Hierarchical clustering is one of the various types of cluster algorithms.

How does hierarchical clustering work?

The Agglomerative Nesting (AGNES) is a convergent approach. It starts off by assigning each of the data points to a cluster of its own. After this dissimilarity is calculated amongst each of the clusters, the clusters with the least dissimilarity are merged together. Eventually, all the nodes end up in just one cluster as shown in the figure above.

Divisive (top-down)

Inverting the order of Agglomerative hierarchical analysis, gives birth to Divisive Analysis (DIANA), which is a divergent approach. The algorithm starts off with just one cluster and eventually each node ends up with a cluster of its own.

Computing dissimilarity

The following measures can be used to compute dissimilarity between the clusters to merge them:

Single link distance: The smallest distance between point x and y, where x belongs to cluster 0 and y belongs to cluster 1.
Complete link distance: The largest distance between point x and point y, where x belongs to cluster 0 and y belongs to cluster 1.
Average distance: The average distance between points x and y, where x belongs to cluster 0 and y belongs to cluster 1.
Centroid: The distance between the centroids of the two clusters.

For any cluster, the centroid is defined as a point that represents the center of a cluster.

Medoid: The distance between the medoids of the two clusters.

For any cluster, the medoid is defined as a point whose dissimilarity to all the elements in its cluster is minimal.

Hierarchical clustering using sklearn

# importing libraries
from sklearn.cluster import AgglomerativeClustering
import numpy as np
import matplotlib.pyplot as plt

# initializing sample data
X = np.array([[1, 4], [1, 5], [1, 8], [6, 3], [9, 2], [1, 6]])
print('Dataset: ')
print(X)

# loading the clustering algorithm
model = AgglomerativeClustering(n_clusters = 2, affinity = 'euclidean')

# fitting the data
model = model.fit(X)

# printing the assigned cluster labels
print('\nThe labels assigned to the train data are: ')
print(model.labels_)

# using the model to predict labels on test data
Y = ([1,2], [2,3], [5,5], [6,0])
print('\nTest data: ')
print(Y)

print('\nThe labels assigned to test data are: ')
print(model.fit_predict(Y))

Explanation

In the code above, we have clustered the NumPy array labeled X, which is a 2D-array of size 6x2 (that represents our data).

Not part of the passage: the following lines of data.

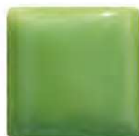
Apple Green EM-1027 (O)
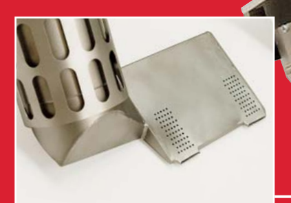
The sturdy hot air nozzle guarantees perfect welding quality.
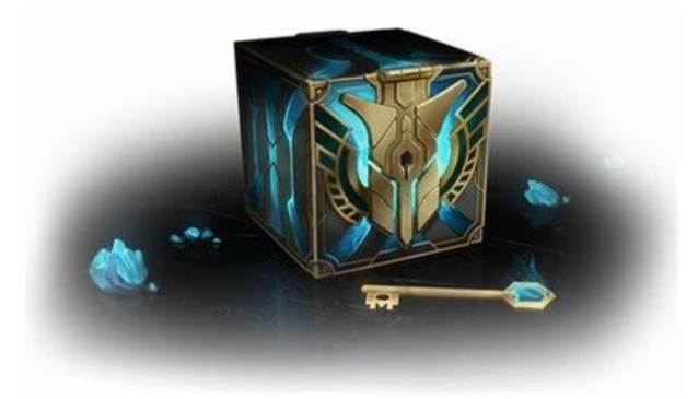
Figure 6: Hextech Chests

The League of Legends has a system of reward mechanisms and habit formation. If the player wins a victory in rank, he can get experience points, blue essence used to unlock new champions, and League Points. And if he performs well in the game or overall team success, may reward him with Hextech Chests (Figure 6) or Key fragments, which can be used to unlock chests that contain skin shards, emotes, and other items.
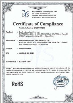
Gaming Headsets ROHS
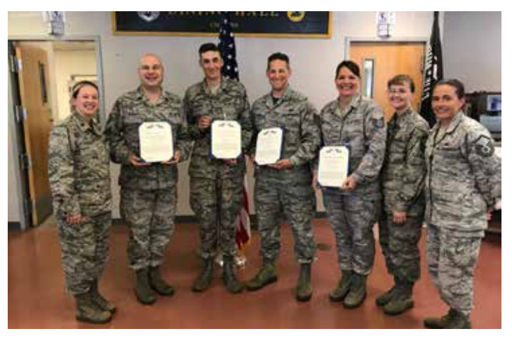
139th leadership presents Airmen with the 131st BW, Air Force Commendation Medals for their selfless support during deployment operations.

office next year. The relocation of the testing office has allowed for a larger room with nine testing computers available. 139th Force Development continues leading ANG metrics in resourcing and executing Mission Essential Skills Training Days. Additionally, NGB report cards recently recognized our FDO "Excellence" in shipping members to basic and technical schools. This has been a recent change in virtually shipping
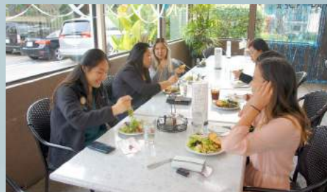
From top/bottom and left/right: 1. lobster pizza served at banquet. 2. Members eating at their table. 3. UCSD-ASCP 2018-2019 board. 4. UCSD-ASCP 2019-2020 board. 5. Members eating at their table

We use the scikit-learn machine learning library for python to do the clustering.

First, we import the required python modules and libraries.

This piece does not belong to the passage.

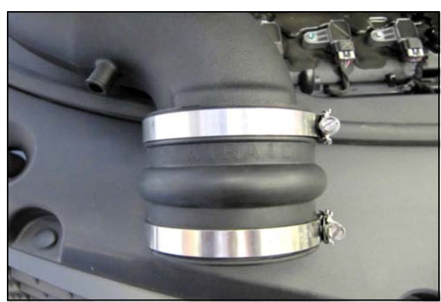
8. Place a #52 Hose Clamp (#18) onto each end of the Hump Hose (#6), and slide onto the Throttle body side of the Intake Tube as shown. Do not tighten the clamps at this time.
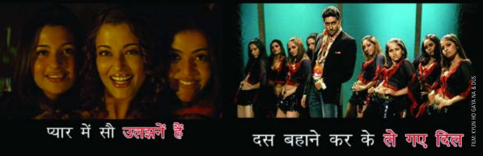
FILM: KYUN HO GAYA NA & DUS

Next, we load the clustering model and specify the arguments.

n_clusters: This is the number of clusters to form, and hence the number of centroids to produce.
affinity: This defines the similarity metric that is to be used.

After the model has been set up, it is run on the train data. We assign labels to each item in the train data set.

After training the model the model is run on the test data set using the fit and predict functions, each point from the data is assigned to a cluster. We can print the labels to see which point was assigned to which of their respective clusters.